Sementara itu, Pemerintah Provinsi Jawa Barat menegaskan bahwa penanganan kasus ini diserahkan. Kepada pihak manajemen rumah sakit untuk dilakukan pendalaman dan investigasi lebih lanjut.
Sekretaris Daerah Provinsi Jawa Barat, Herman Suryatman, mengatakan pemerintah provinsi berperan sebagai pembina dan pengawas. Namun menekankan pentingnya audit menyeluruh agar kejadian serupa tidak terulang.

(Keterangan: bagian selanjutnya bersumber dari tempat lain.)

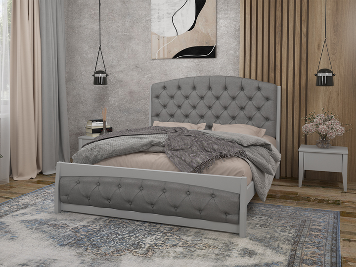 Ліжко двоспальне з натурального дерева/текстилю бук 180х200 Грація Люкс Арбор Дерев Сірий

“Pemprov Jabar sebagai pengawas dan pembina RSHS menekankan pentingnya audit menyeluruh agar kejadian serupa tidak terulang,” ujarnya.
Ia menambahkan bahwa insiden tersebut tidak hanya berkaitan dengan aspek layanan kesehatan, tetapi juga menyangkut keselamatan masyarakat yang menjadi tanggung jawab negara.
Gubernur Jawa Barat, Dedi Mulyadi, sebelumnya telah menginstruksikan koordinasi lintas pihak, termasuk Dinas Kesehatan dan manajemen RSHS, untuk segera melakukan langkah penanganan cepat.
Pemprov Jabar juga menegaskan komitmennya dalam menjamin akses layanan kesehatan bagi seluruh masyarakat, termasuk warga tidak mampu.
Pemerintah provinsi memastikan tidak boleh ada penolakan pasien dengan alasan administrasi, termasuk persoalan kepesertaan BPJS, sebagai bagian dari peningkatan kualitas layanan kesehatan di Jawa Barat. (uby)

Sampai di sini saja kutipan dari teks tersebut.